======== Provided data

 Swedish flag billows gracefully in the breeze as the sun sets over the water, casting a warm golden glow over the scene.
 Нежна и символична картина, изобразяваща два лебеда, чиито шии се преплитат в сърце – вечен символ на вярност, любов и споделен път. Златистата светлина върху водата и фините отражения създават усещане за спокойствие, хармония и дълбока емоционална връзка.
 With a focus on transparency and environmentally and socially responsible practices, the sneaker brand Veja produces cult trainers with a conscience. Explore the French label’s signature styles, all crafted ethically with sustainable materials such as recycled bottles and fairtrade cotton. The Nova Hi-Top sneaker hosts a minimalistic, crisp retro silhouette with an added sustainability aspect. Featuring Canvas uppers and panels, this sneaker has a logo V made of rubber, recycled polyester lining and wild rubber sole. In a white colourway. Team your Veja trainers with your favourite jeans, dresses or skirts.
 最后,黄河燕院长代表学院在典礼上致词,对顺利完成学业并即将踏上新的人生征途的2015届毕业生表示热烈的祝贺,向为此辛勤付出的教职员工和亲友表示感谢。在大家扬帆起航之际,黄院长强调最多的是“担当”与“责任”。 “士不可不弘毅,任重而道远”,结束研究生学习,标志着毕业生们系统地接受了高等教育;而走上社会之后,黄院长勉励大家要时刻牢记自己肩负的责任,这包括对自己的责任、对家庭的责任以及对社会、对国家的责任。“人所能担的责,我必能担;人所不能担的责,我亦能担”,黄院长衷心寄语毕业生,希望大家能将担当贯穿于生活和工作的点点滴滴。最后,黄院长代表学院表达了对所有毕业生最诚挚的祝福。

================
======== Provided data

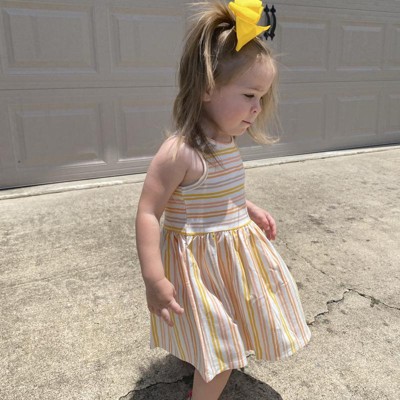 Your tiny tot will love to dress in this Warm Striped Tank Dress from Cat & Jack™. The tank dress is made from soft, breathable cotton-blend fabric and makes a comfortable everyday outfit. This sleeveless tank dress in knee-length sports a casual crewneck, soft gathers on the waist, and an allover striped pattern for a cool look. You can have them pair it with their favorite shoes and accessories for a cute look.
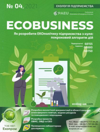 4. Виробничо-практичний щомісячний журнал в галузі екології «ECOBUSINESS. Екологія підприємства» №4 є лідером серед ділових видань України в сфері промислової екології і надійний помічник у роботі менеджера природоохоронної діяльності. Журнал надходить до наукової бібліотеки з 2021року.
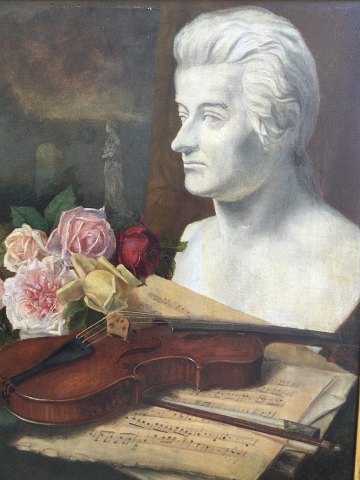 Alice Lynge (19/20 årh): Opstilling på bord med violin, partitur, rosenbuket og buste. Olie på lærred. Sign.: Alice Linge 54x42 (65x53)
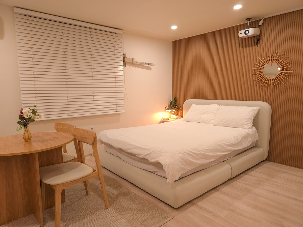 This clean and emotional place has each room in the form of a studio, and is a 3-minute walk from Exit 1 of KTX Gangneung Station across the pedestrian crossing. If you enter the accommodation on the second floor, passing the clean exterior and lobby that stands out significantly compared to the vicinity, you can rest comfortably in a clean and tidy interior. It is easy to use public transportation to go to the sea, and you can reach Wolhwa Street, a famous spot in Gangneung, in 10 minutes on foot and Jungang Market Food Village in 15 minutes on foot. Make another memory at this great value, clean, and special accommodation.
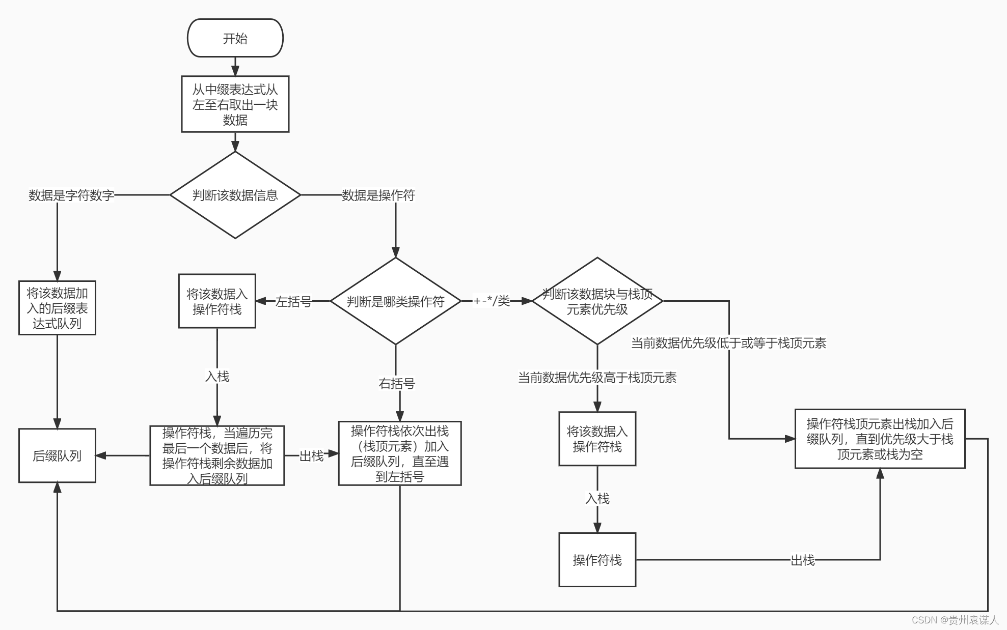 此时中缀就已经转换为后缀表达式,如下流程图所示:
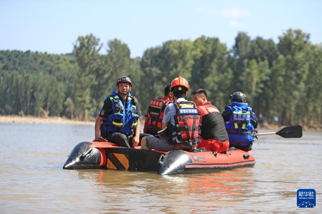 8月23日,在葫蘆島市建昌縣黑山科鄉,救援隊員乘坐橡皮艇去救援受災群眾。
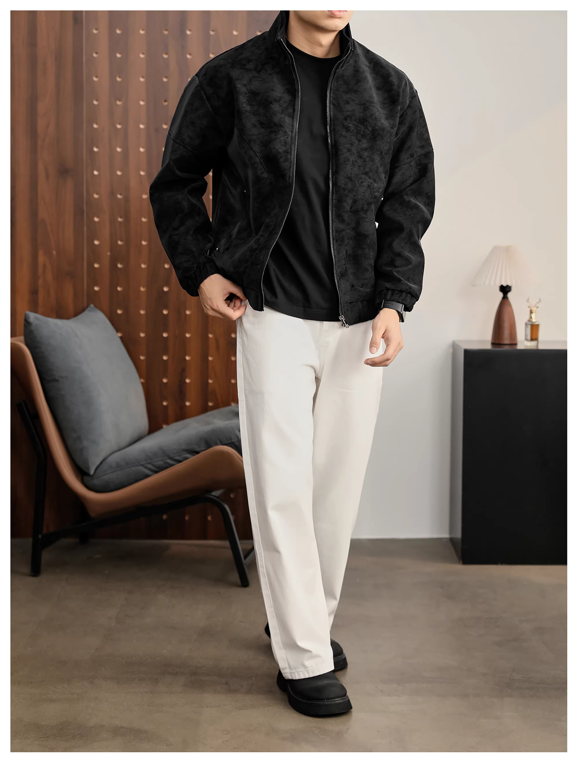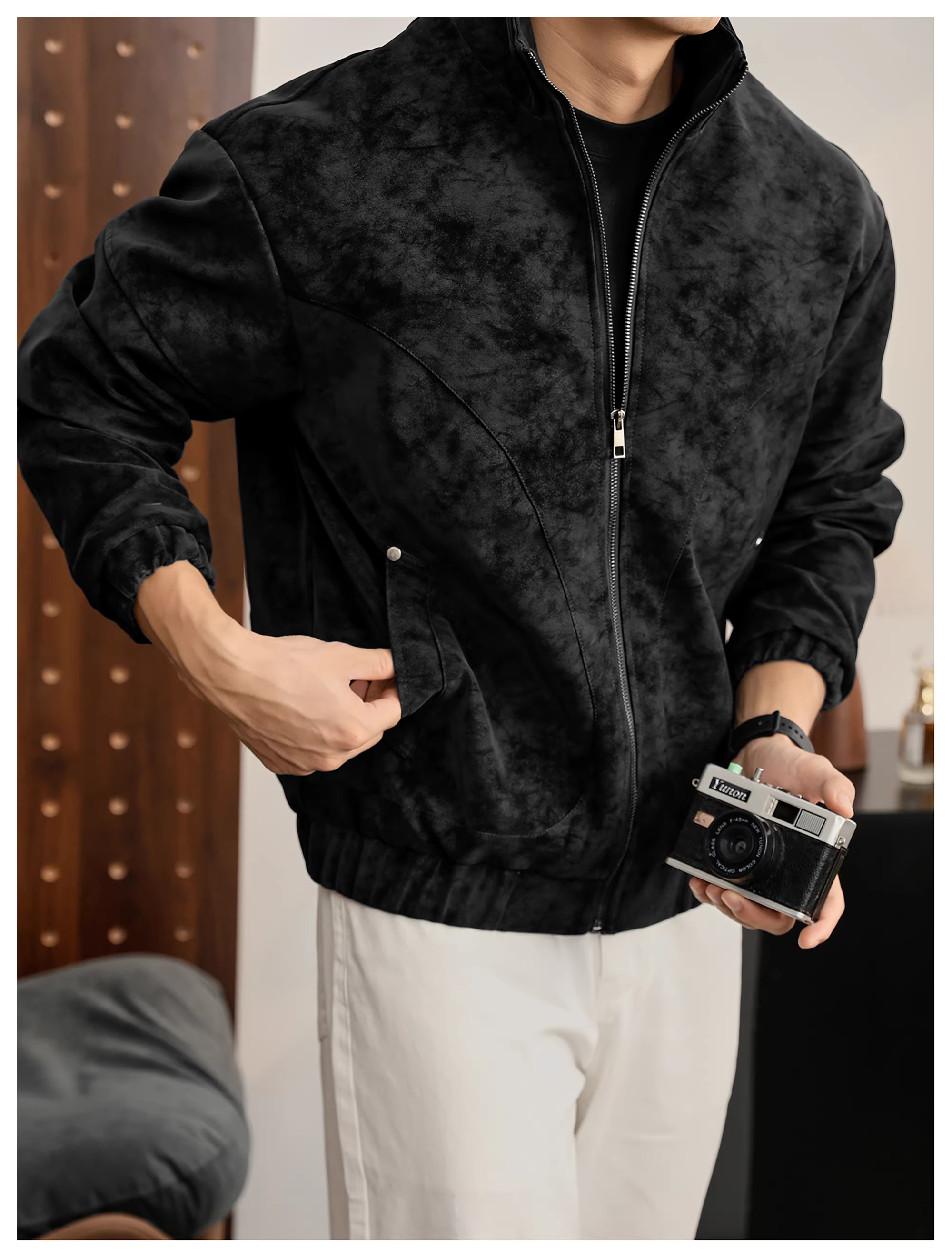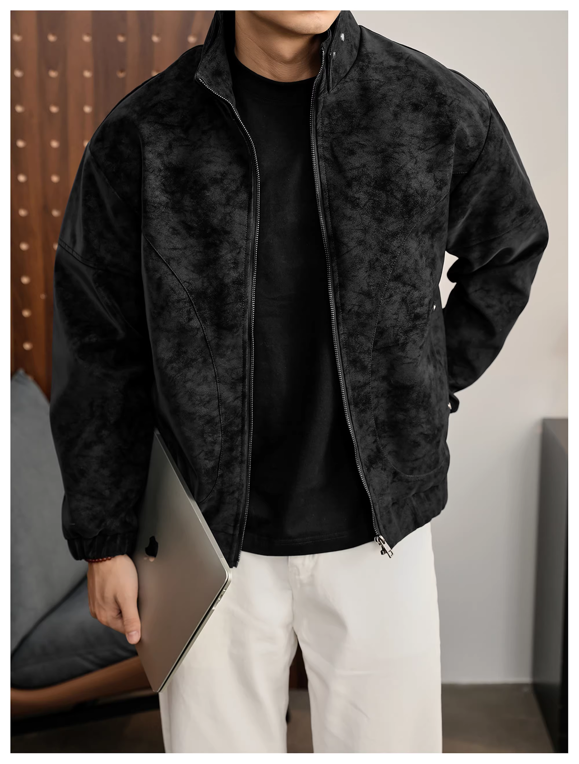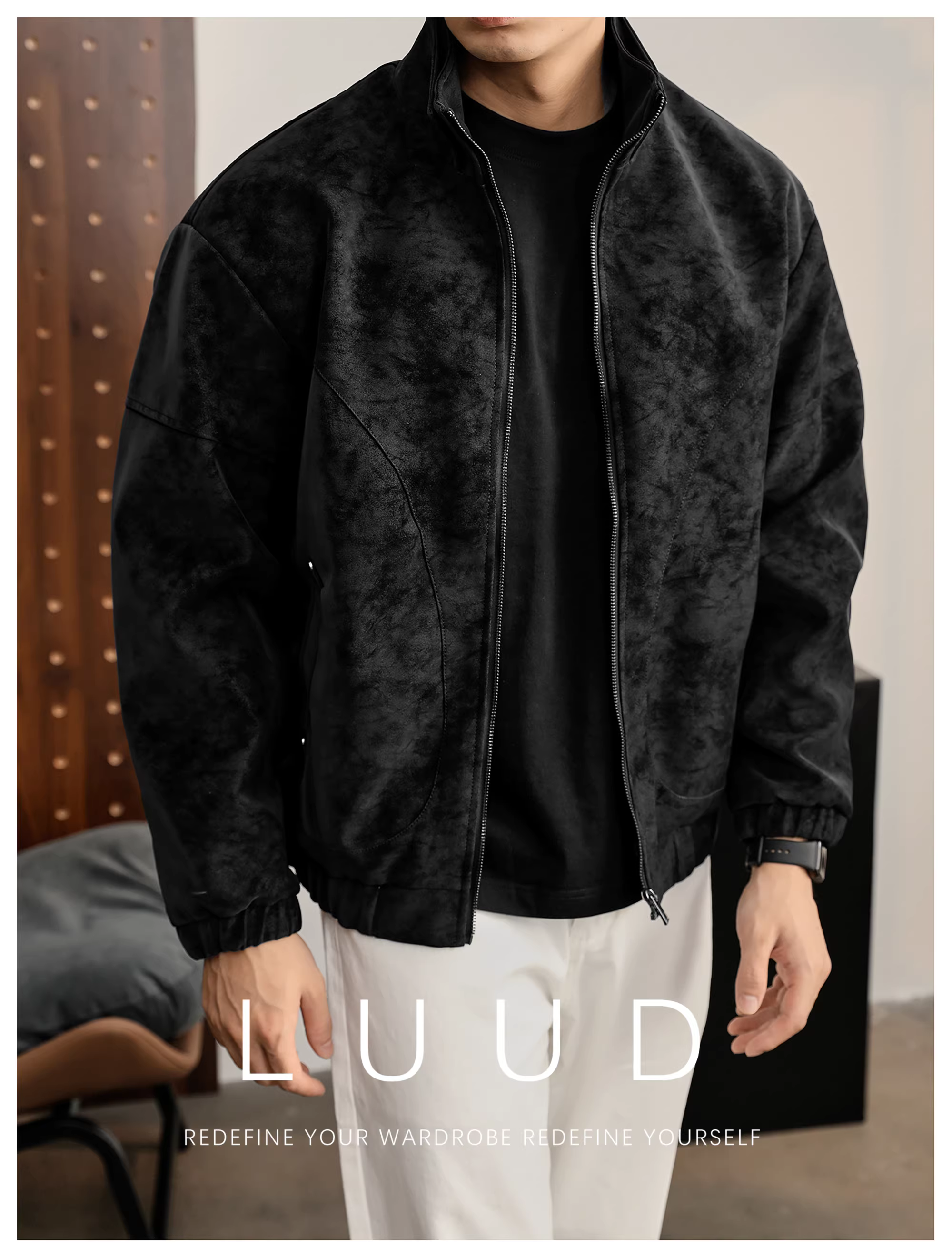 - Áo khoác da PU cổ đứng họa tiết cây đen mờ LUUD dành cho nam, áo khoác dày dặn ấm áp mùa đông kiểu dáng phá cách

================
======== Provided data

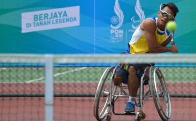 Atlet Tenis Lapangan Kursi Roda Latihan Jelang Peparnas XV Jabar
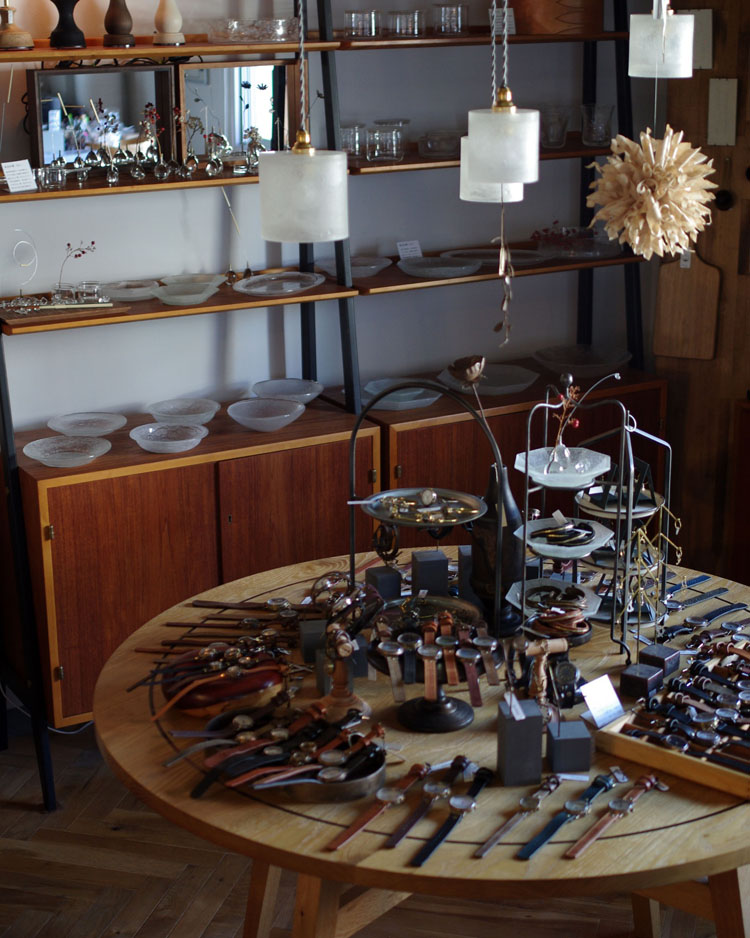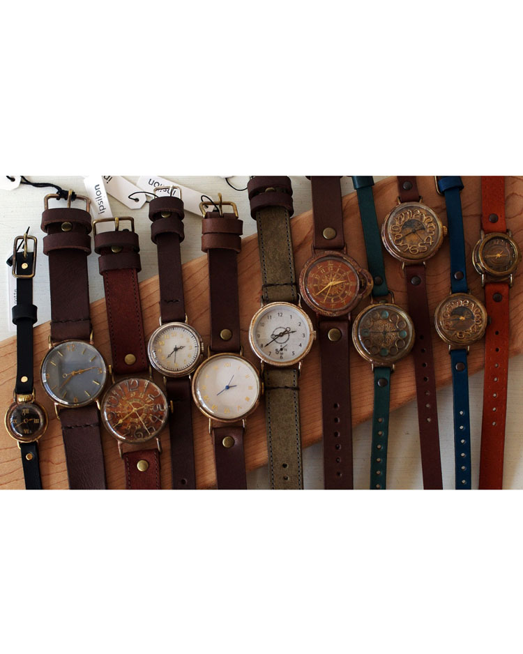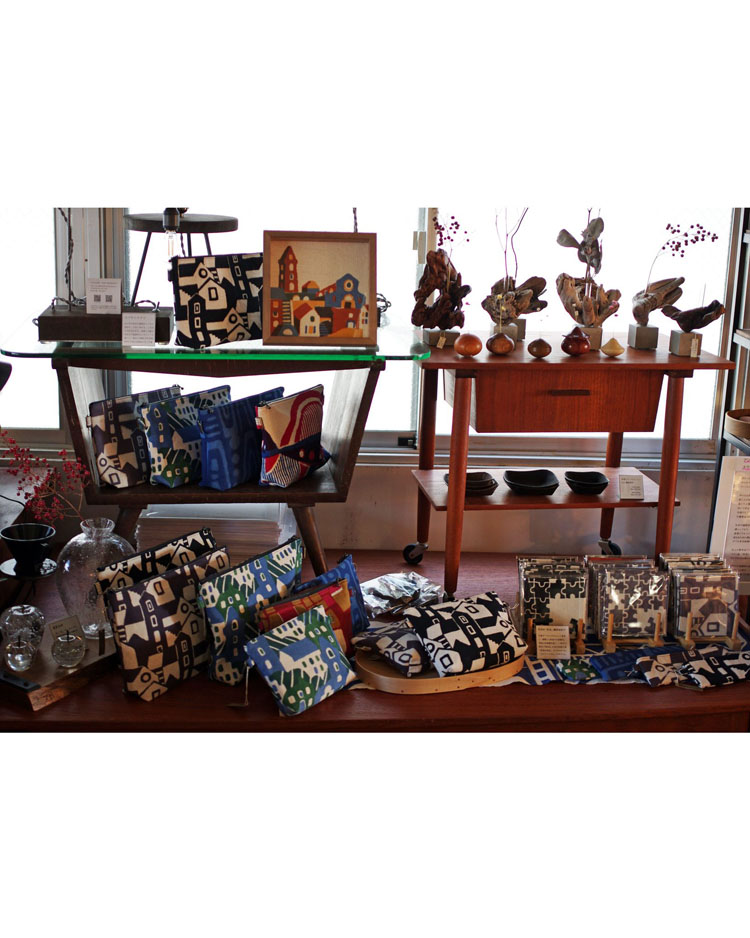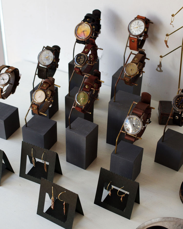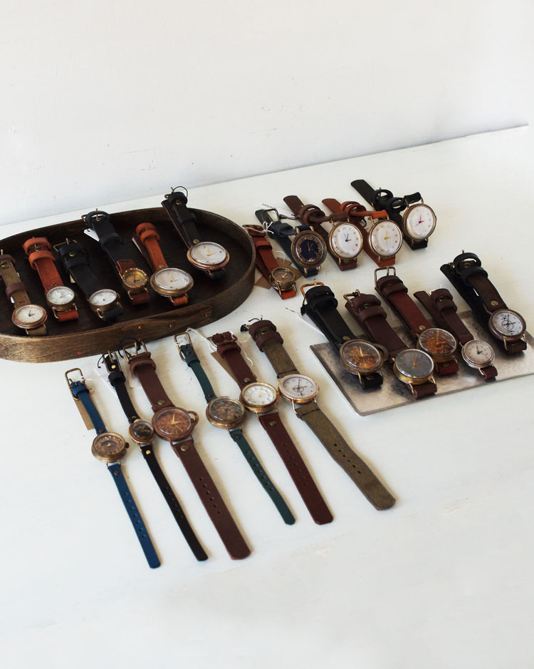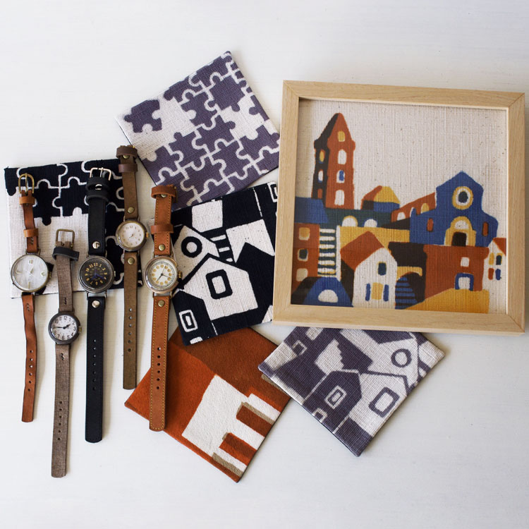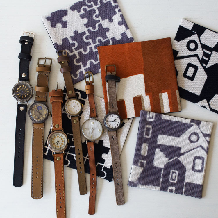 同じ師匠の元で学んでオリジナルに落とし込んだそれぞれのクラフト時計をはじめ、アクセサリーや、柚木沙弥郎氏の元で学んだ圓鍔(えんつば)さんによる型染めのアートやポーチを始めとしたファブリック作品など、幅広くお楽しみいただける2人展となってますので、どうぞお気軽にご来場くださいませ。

================

Task details ▸ Return only the lines between the one holding "Swedish flag billows" and the one holding "最后,黄河燕院长代表学院在典", inclusive, exactly as they appear above.

Result for this exercise ▸
 Swedish flag billows gracefully in the breeze as the sun sets over the water, casting a warm golden glow over the scene.
 Нежна и символична картина, изобразяваща два лебеда, чиито шии се преплитат в сърце – вечен символ на вярност, любов и споделен път. Златистата светлина върху водата и фините отражения създават усещане за спокойствие, хармония и дълбока емоционална връзка.
 With a focus on transparency and environmentally and socially responsible practices, the sneaker brand Veja produces cult trainers with a conscience. Explore the French label’s signature styles, all crafted ethically with sustainable materials such as recycled bottles and fairtrade cotton. The Nova Hi-Top sneaker hosts a minimalistic, crisp retro silhouette with an added sustainability aspect. Featuring Canvas uppers and panels, this sneaker has a logo V made of rubber, recycled polyester lining and wild rubber sole. In a white colourway. Team your Veja trainers with your favourite jeans, dresses or skirts.
 最后,黄河燕院长代表学院在典礼上致词,对顺利完成学业并即将踏上新的人生征途的2015届毕业生表示热烈的祝贺,向为此辛勤付出的教职员工和亲友表示感谢。在大家扬帆起航之际,黄院长强调最多的是“担当”与“责任”。 “士不可不弘毅,任重而道远”,结束研究生学习,标志着毕业生们系统地接受了高等教育;而走上社会之后,黄院长勉励大家要时刻牢记自己肩负的责任,这包括对自己的责任、对家庭的责任以及对社会、对国家的责任。“人所能担的责,我必能担;人所不能担的责,我亦能担”,黄院长衷心寄语毕业生,希望大家能将担当贯穿于生活和工作的点点滴滴。最后,黄院长代表学院表达了对所有毕业生最诚挚的祝福。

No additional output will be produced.